1.15.2010

Foreign Affairs Friday: Internet

The big story this week is Google's announcement that it no longer wants to go along with Chinese requirements that it censor search results on its Chinese website. It agreed to do this when it entered China four years ago as a condition of gaining access to its market. This announcement comes after some parties in China tried to hack into the e-mail accounts of human rights activists there.

I think this is a good move by Google. The internet is a great boon to the people of the world, but a great threat to authoritarian regimes, because they need to control information, and the internet is very hard to control. In places like Iran, when protests erupt, the government hinders or shuts down internet and cell phone networks, in hopes of preventing coordination among protesters. China tries to limit access to information not approved by the government, like the truth about Tiananmen Square. Google's move is a public rebuke of internet censorship.

In Thomas Friedman's latest paean to China (he thinks quite highly of their government), he explains that the Communist Party "has a political class focused on addressing its real problems" (unlike the US, he implicitly says - but he has a point there). However, their biggest problem is maintaining control over the populace while keeping the economy open to the world. It's easy to keep people in the dark in North Korea when your economy is completely severed from the rest of the world, but China has to maintain business contacts abroad and internet access domestically to keep its economy running. But these contacts allow subversive information about topics like democracy and natural rights to percolate through society. China's government must keep the lid on the pressure cooker of informed, unhappy citizens in order to stay in power.
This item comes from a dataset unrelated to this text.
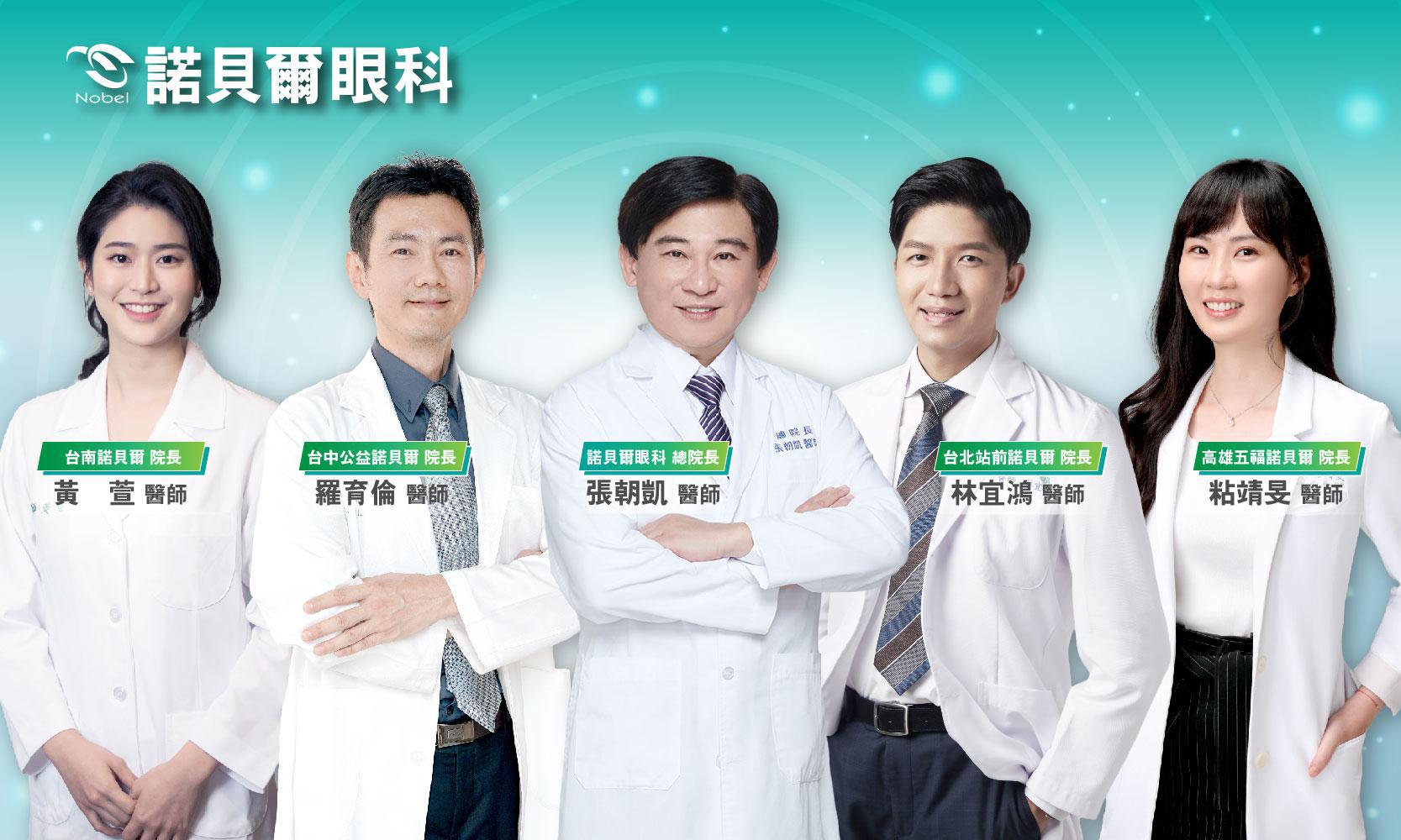 諾貝爾眼科專業醫師團隊,由左至右依序為黃萱醫師、羅育倫醫師、張朝凱醫師、林宜鴻醫師、粘靖旻醫師。諾貝爾眼科/提供
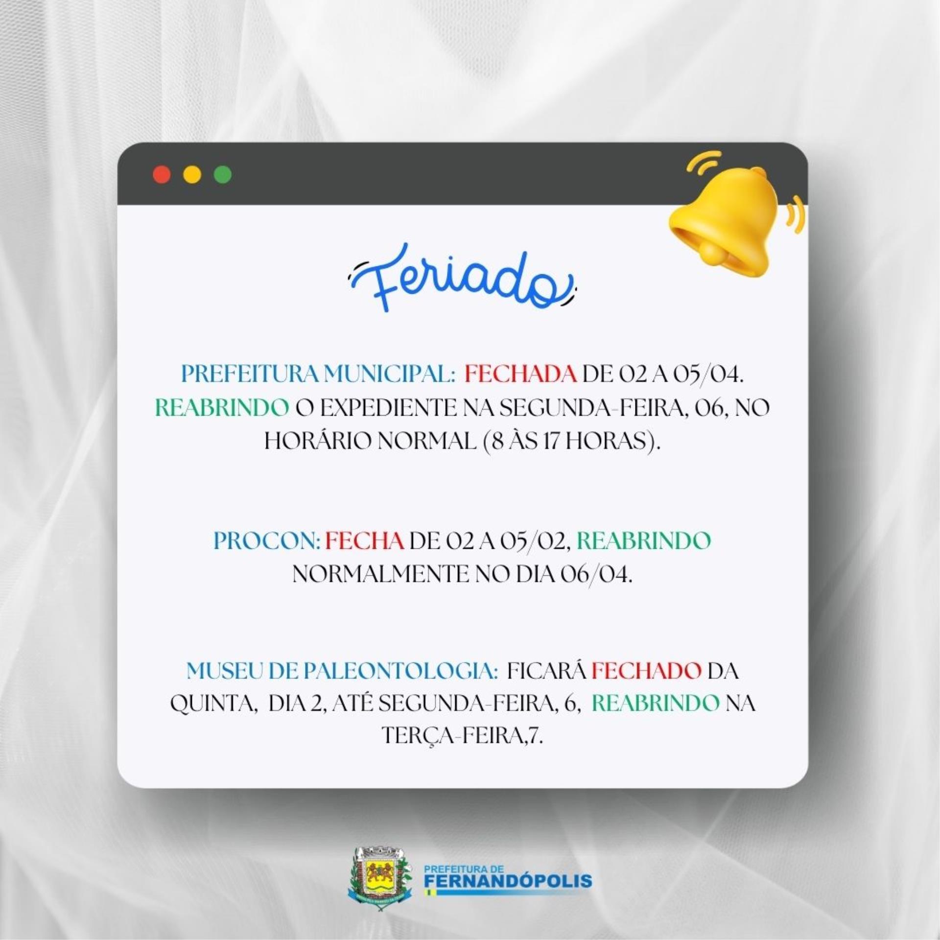 Com o feriado da Sexta-feira da Paixão nesta sexta-feira, 3 de abril, haverá alteração no atendimento de vários serviços do município de Fernandópolis.

This is where the US has some leverage. While we are limited right now in what we can do militarily and financially, we can achieve results with some technology. As Nicholas Kristof suggests:
China’s Netizens scale the Great Firewall of China with virtual private networks and American-based proxy servers like Freegate. (The United States should support these efforts with additional server capacity as a way of promoting free information and undermining censorship by China and Iran).
Secretary of State Clinton will be giving a speech on internet freedom next week, and it's clear that her office is in discussions with Google about its position in China. Hopefully Clinton will forcefully support freedom of the internet, and announce that the US will take steps to ensure that citizens of repressive nations can regularly access it. This would be a low-cost step to help support democratic movements in these countries. If such efforts were to assist in getting rid of the Iranian regime, for example, or force more openness in China, that would be of great benefit to the United States and the world.